*Supplied records*:

-- -- --

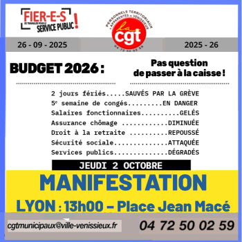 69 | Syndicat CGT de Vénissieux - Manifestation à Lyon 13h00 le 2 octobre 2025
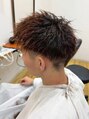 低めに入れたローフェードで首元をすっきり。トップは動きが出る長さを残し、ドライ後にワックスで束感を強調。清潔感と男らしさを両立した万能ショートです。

-- -- --

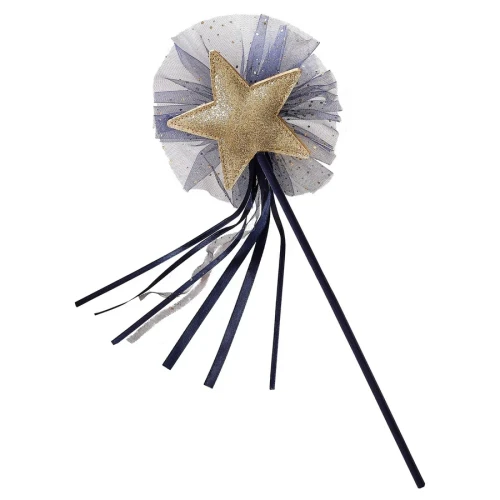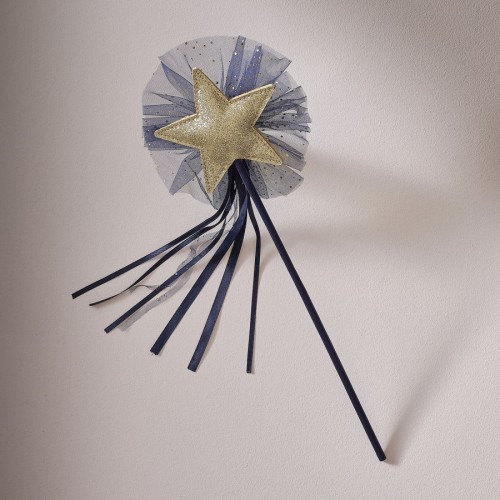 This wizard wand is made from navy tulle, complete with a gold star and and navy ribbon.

-- -- --

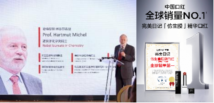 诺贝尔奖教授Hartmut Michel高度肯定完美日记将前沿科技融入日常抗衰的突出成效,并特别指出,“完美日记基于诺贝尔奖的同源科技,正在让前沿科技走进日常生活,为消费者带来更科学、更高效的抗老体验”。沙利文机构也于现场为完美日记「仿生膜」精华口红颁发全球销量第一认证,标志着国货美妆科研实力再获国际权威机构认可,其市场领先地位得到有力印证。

-- -- --

*Requirement*:
In the listing above, find the line containing "69 | Syndicat" and the line containing "低めに入れたローフェードで首"; print those lines and every line between them exactly, leaving out pictures.

*Exercise result*:
 69 | Syndicat CGT de Vénissieux - Manifestation à Lyon 13h00 le 2 octobre 2025
 低めに入れたローフェードで首元をすっきり。トップは動きが出る長さを残し、ドライ後にワックスで束感を強調。清潔感と男らしさを両立した万能ショートです。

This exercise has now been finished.